À un moment donné en juillet 2021, l'algorithme de Twitter a commencé à faire apparaître des vidéos du blackout challenge par autoétranglement, continue la plainte. Au milieu de ce mois de juin 2021, Lalani a dit à sa famille que les ecchymoses qui étaient apparues sur son cou étaient le résultat d'une chute, selon la plainte; peu de temps après, elle a passé une partie d'un trajet en voiture de 20 heures avec sa belle-mère à regarder des vidéos de blackout challenge, ce que sa belle-mère apprendrait plus tard.

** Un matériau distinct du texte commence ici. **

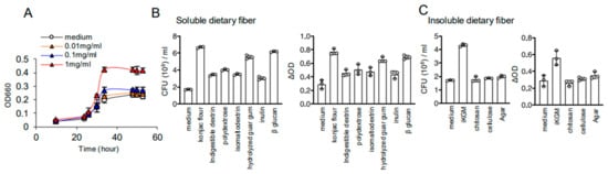 Ability of iKGM to increase A. muciniphila. A. muciniphila was cultured with the indicated concentration of iKGM, and turbidity of culture medium was periodically measured (A). Then, A. muciniphila was cultured with soluble (B) and insoluble dietary fibers (C) at concentration of 1 mg/mL. Turbidity of culture medium and bacterial number was determined, and each dot represents results from one independent experiment and bar graphs show mean ± SD of three repeated experiments.
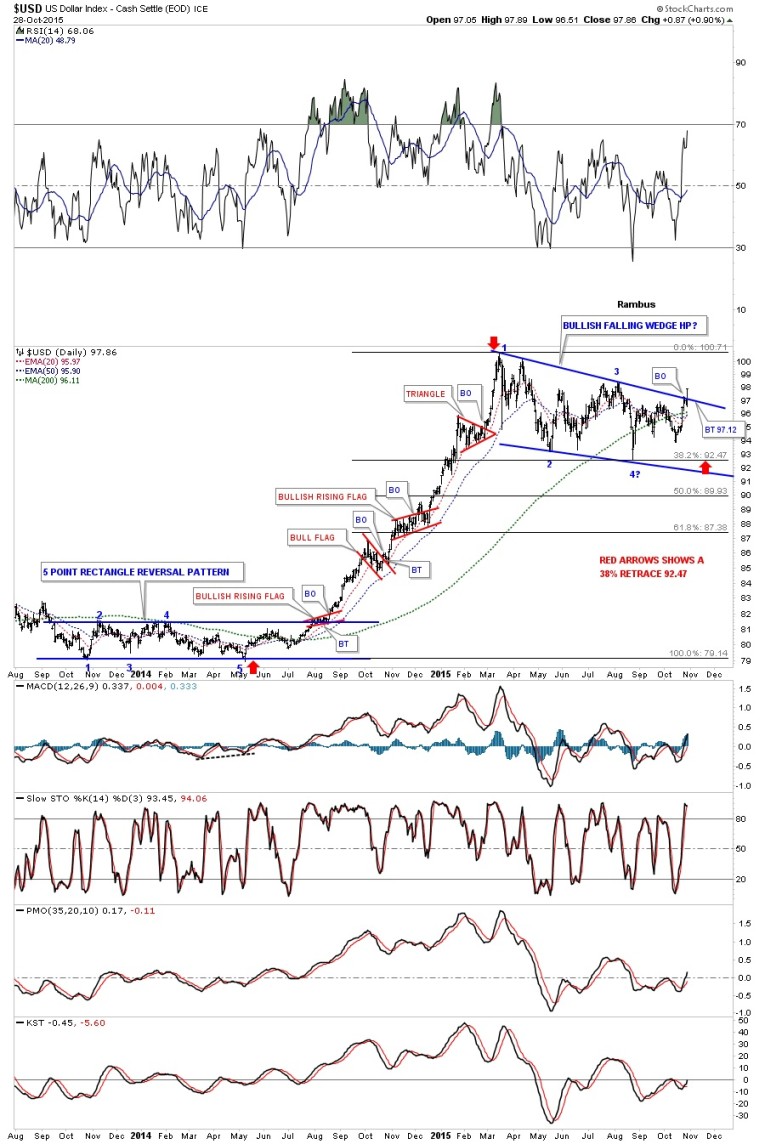 There are some positive developments in regards to the US dollar on the daily chart below. First there are four completed reversal points in the blue bullish falling wedge. This eight month consolidation pattern corrected 38% of the first big impulse leg up as shown by the red arrows. The 20-day ema has just recently crossed above the 50-day ema giving a buy signal. The US dollar is now trading well above its 200-dma which shows the long term nature of this bull market.
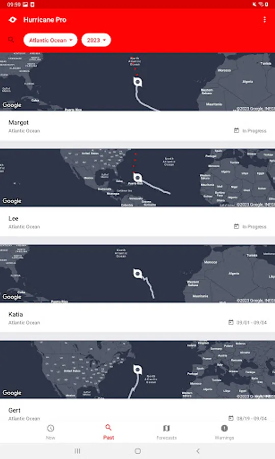 - Track specific hurricanes and receive notifications every time they are updated just by pressing the notify button!
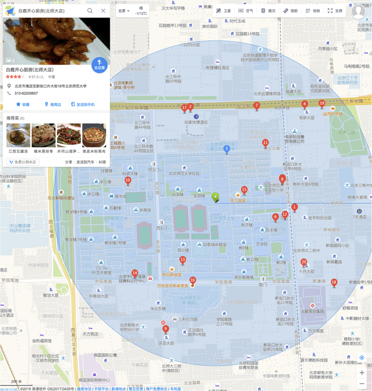给定的示例中心店:北京师范大学,116.3660 E, 39.9615 N。

Quand elles sont rentrées du voyage, la belle-mère de Lalani lui a dit que les deux pourraient aller nager plus tard, puis ont fait une brève sieste. Mais au réveil, continue la plainte, sa belle-mère est allée dans la chambre de Lalani et a trouvé la fille « suspendue à son lit avec une corde autour du cou ».
La police, qui a pris le téléphone et la tablette de Lalani, a dit plus tard à sa belle-mère que la jeune fille avait regardé des vidéos de blackout challenge « en boucle », indique la plainte.

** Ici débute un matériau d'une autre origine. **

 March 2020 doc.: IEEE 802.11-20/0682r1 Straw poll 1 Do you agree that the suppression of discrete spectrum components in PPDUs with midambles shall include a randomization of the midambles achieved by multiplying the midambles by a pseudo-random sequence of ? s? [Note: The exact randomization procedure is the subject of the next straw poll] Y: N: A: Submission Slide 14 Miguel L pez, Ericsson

Lalani était « convaincue que si elle publiait une vidéo d'elle-même en train de faire le Blackout Challenge, elle deviendrait célèbre », note la plainte, mais la jeune fille « n'a pas apprécié ni compris la nature dangereuse de ce que TikTok l'encourageait à faire ».
Arriani, de Milwaukee, aimait également publier des vidéos de chansons et de danse sur TikTok, indique la plainte. Elle « est progressivement devenue obsédée » par l'application, ajoute-t-elle.
Le 26 février 2021, le père d'Arriani travaillait au sous-sol lorsque son jeune frère Edwardo est descendu et a dit qu'Arriani ne bougeait pas. Les deux frères et sœurs jouaient ensemble dans la chambre d'Arriani, selon la plainte, mais lorsque leur père s'est précipité à l'étage pour vérifier, il a trouvé sa fille « suspendue à la laisse du chien de la famille ».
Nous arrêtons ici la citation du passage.